Transforms that create fields intended to be hidden from users should annotate them with @Internal:

FieldNode hashField = cNode.addField("$hash$code", ACC_PRIVATE | ACC_SYNTHETIC, ...);
markAsInternal(hashField);  // from AnnotatedNodeUtils

The utility methods are in org.apache.groovy.ast.tools.AnnotatedNodeUtils:

  • markAsInternal(T node) — adds @Internal annotation (idempotent)

  • isInternal(AnnotatedNode node) — checks for @Internal annotation

  • deemedInternal(AnnotatedNode node) — checks both @Internal annotation and $ name convention (backward compatible)

Consumers — transforms that iterate properties

Transforms that iterate over properties or fields to generate code (e.g. @ToString, @EqualsAndHashCode) should use the node-aware skip methods from AbstractASTTransformation:

// Old way (name-based only):
if (shouldSkipUndefinedAware(pNode.getName(), excludes, includes, allNames)) continue;

// New way (checks @Internal annotation + $ convention):
if (shouldSkipUndefinedAware(pNode, excludes, includes, allNames)) continue;

The allNames parameter continues to mean "include internal properties", matching the behaviour of @ToString(allNames=true).

Runtime: MetaClassImpl.getProperties()

MetaClassImpl.getProperties() now checks for @Internal on:

  • CachedField entries: checks field.isAnnotationPresent(Internal.class)

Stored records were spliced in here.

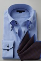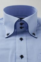見栄え・着心地抜群+お手入れ楽々+環境に優しいエコ素材使用!?衿・カフスにサテンテープパイピングのドゥエボットーニBDシャツ
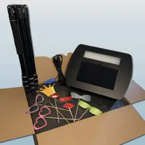 Efter endt arrangement, skal selfieskærmen blot pakkes ned i kassen igen, og sendes retur til os med den medfølgende returlabel.
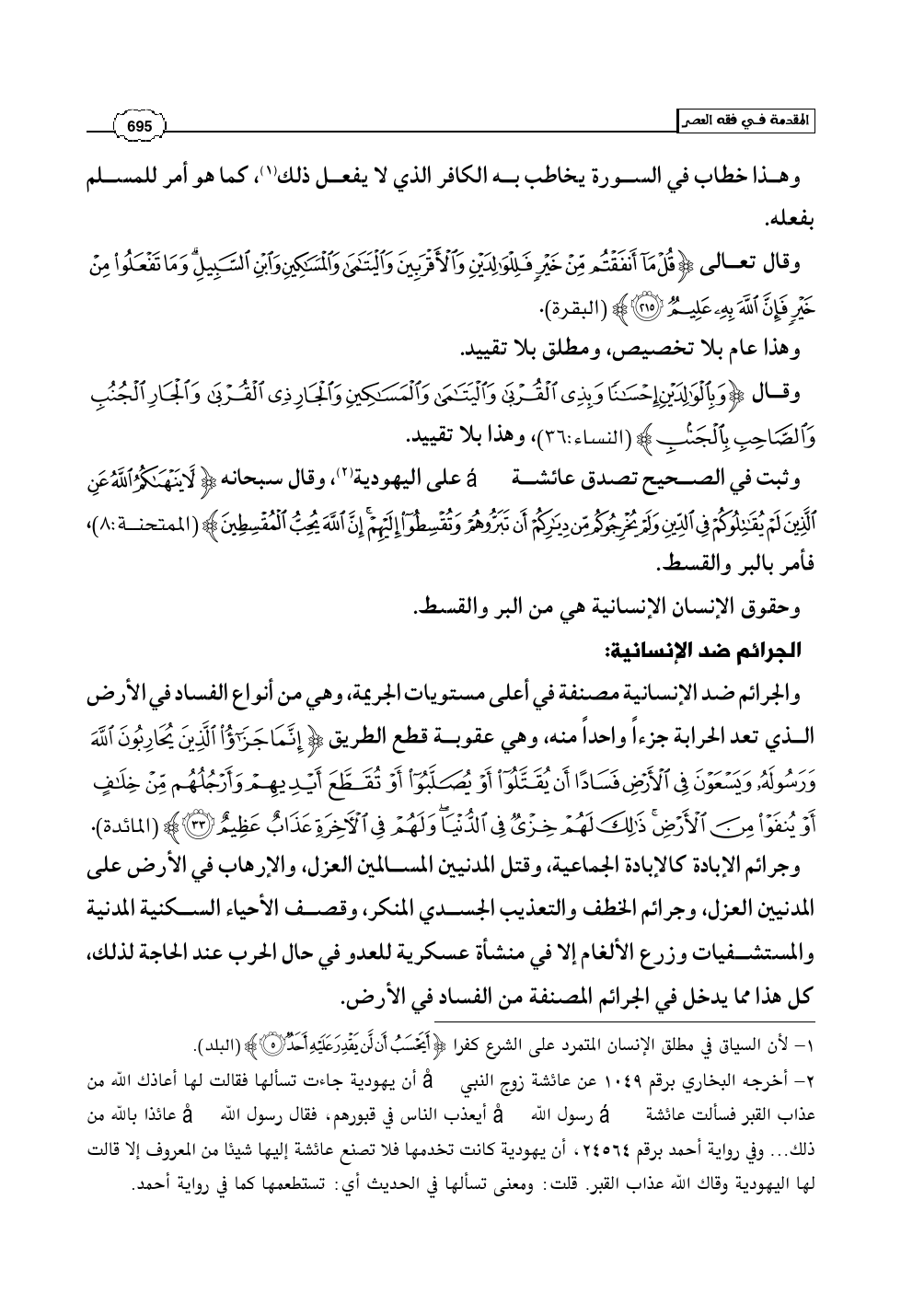 وثبت في الصحيح تصدق عائشة رضي الله عنها على اليهودية (¬2)، وقال سبحانه (لا يَنْهَاكُمُ اللَّهُ عَنِ الَّذِينَ لَمْ يُقَاتِلُوكُمْ فِي الدِّينِ وَلَمْ يُخْرِجُوكُم مِّن دِيَارِكُمْ أَن تَبَرُّوهُمْ وَتُقْسِطُوا إِلَيْهِمْ إِنَّ اللَّهَ يُحِبُّ الْمُقْسِطِينَ) (الممتحنة: 8)، فأمر بالبر والقسط.
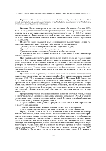Исследование развития системы архивного образования в России в 19201930-е гг. представляет значительный научный интерес как с точки зрения исторического анализа, так и в контексте современных проблем архивного дела ([3], [5]). Этот период стал переломным в формировании советской модели подготовки архивных кадров, когда на смену дореволюционным подходам пришла централизованная система образования ([11], [12], [13]).
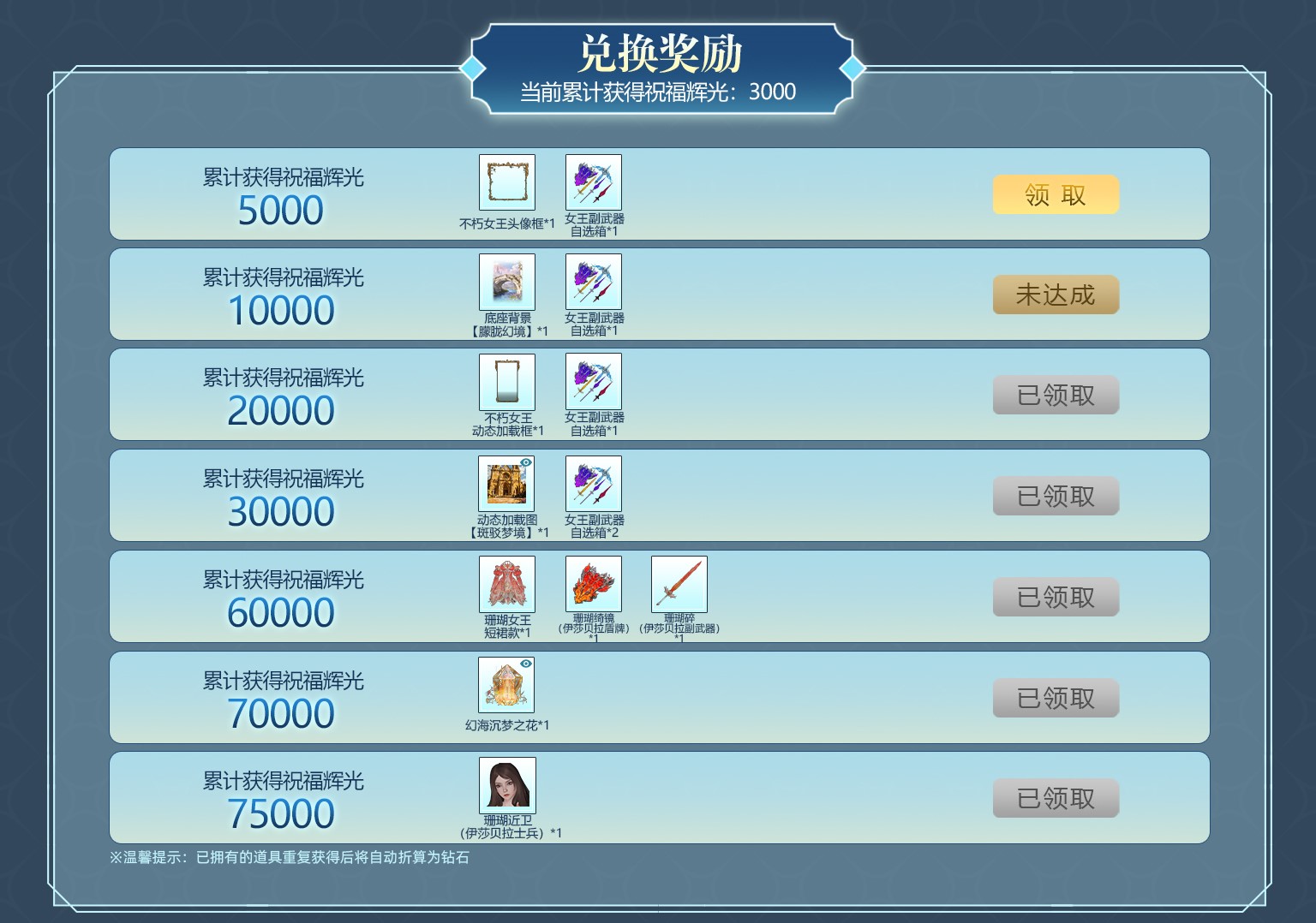 累计获得祝福辉光达到指定数量,即可领取新的盲盒配套福利(含伊莎贝拉典藏兵皮哦)。本期活动结束后,祝福辉光将会被清空,不会继承到下一次盲盒返场活动。

  • MetaBeanProperty entries: checks the backing field, getter, and setter for @Internal

This means @Internal-annotated properties are automatically excluded from:

  • JsonOutput.toJson()

  • FormatHelper.format() (used by println, string interpolation)

  • obj.properties (the Groovy properties map)

  • Any code that iterates metaClass.properties

Direct property access (obj.secret = x, obj.secret) still works.

User-facing usage

Users can annotate their own fields to exclude them from introspection and serialization:

import groovy.transform.Internal
import groovy.transform.ToString

@ToString
class Account {
    String name
    @Internal String internalTag
}

def a = new Account(name: 'test', internalTag: 'x')
assert a.toString() == 'Account(test)'           // internalTag excluded
assert a.internalTag == 'x'                       // direct access still works

Backward compatibility

The $ name convention is preserved. deemedInternal(node) checks both @Internal and name.contains("$"), so existing code that relies on $-named fields being filtered continues to work.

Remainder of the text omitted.